**INPUT DATA:**
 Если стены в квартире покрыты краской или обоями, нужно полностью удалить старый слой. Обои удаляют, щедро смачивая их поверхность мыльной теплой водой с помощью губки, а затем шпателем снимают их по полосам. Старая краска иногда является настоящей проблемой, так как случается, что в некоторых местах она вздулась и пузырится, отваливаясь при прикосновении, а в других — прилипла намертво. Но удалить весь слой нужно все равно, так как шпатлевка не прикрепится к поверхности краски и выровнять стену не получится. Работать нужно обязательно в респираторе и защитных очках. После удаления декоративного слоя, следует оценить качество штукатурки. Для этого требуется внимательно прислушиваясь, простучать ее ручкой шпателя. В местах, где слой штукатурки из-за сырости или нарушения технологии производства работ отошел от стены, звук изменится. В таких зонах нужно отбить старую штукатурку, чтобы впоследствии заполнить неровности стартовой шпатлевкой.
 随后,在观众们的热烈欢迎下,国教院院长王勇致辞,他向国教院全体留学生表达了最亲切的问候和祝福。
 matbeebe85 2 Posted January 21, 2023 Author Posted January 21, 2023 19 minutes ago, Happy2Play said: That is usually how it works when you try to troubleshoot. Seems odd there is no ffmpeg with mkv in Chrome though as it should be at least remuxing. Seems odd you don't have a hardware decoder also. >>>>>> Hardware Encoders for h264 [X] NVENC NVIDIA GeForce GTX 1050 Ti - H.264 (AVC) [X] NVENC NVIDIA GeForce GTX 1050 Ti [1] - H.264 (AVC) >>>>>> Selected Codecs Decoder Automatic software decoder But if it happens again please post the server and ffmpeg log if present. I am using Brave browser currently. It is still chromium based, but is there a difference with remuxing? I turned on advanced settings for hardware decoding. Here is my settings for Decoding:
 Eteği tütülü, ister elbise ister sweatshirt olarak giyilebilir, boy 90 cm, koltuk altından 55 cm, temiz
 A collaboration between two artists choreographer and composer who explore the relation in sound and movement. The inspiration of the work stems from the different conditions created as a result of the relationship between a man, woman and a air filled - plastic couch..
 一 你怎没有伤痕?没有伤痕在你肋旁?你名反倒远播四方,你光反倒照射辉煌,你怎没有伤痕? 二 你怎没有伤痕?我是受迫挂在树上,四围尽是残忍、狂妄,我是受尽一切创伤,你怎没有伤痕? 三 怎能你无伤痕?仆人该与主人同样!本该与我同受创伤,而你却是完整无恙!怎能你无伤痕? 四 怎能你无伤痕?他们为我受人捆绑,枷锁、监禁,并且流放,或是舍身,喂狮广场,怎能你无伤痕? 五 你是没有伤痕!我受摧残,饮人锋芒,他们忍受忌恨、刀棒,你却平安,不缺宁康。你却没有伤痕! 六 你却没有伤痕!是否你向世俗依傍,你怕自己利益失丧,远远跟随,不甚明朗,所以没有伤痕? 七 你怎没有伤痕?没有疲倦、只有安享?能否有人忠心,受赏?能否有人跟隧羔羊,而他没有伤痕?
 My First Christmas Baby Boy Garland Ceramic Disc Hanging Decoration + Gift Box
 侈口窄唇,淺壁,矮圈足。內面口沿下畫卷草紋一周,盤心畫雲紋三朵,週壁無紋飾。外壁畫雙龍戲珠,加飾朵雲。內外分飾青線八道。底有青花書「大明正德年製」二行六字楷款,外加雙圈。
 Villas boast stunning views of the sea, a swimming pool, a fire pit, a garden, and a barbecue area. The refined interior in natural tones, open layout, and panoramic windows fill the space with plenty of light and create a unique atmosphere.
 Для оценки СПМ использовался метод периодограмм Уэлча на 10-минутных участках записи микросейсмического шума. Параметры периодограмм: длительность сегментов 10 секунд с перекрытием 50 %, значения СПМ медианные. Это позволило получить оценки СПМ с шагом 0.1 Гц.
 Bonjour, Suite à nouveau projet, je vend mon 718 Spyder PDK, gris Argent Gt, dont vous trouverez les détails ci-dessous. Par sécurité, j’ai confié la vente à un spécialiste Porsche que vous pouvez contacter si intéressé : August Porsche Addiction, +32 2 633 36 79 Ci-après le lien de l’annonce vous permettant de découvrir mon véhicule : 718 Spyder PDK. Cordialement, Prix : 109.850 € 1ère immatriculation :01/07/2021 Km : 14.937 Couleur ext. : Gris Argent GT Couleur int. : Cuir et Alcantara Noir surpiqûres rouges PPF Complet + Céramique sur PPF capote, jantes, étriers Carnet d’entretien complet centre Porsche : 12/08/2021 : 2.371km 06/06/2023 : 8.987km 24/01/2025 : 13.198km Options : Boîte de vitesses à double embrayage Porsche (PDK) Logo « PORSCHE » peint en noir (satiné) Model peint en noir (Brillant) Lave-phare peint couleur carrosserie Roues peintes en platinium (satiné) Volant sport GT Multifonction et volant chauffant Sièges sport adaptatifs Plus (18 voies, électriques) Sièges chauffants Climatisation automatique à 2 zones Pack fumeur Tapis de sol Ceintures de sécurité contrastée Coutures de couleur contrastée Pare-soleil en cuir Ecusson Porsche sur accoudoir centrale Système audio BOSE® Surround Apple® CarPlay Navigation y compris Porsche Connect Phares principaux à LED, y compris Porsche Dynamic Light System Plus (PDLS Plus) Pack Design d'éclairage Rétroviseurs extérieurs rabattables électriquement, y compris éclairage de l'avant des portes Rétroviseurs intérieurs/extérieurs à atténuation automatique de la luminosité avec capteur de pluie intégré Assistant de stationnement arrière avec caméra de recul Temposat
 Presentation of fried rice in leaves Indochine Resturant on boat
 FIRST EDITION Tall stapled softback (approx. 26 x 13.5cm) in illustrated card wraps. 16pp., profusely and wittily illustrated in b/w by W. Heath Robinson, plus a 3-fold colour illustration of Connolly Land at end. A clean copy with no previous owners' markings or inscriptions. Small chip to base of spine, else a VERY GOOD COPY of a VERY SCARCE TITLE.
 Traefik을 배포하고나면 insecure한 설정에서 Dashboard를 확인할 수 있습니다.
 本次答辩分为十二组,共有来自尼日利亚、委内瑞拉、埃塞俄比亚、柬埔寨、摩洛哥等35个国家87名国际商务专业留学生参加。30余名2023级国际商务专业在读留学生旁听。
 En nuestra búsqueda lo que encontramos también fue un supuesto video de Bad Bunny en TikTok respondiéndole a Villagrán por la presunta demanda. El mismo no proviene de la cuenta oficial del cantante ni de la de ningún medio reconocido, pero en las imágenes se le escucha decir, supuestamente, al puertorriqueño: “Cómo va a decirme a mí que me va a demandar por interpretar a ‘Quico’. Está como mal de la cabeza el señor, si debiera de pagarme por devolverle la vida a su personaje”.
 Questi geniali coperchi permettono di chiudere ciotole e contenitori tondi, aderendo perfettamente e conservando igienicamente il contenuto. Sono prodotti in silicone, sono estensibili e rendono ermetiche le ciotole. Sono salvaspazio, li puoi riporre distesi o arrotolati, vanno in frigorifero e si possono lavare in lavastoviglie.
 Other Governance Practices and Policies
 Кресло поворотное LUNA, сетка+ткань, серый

**REQUIRED WORK:** Could you print the lines of the records above from the one containing "Questi geniali coperchi" through the last, exactly and with no additions?

**ANSWER TO THIS PROBLEM:**
 Questi geniali coperchi permettono di chiudere ciotole e contenitori tondi, aderendo perfettamente e conservando igienicamente il contenuto. Sono prodotti in silicone, sono estensibili e rendono ermetiche le ciotole. Sono salvaspazio, li puoi riporre distesi o arrotolati, vanno in frigorifero e si possono lavare in lavastoviglie.
 Other Governance Practices and Policies
 Кресло поворотное LUNA, сетка+ткань, серый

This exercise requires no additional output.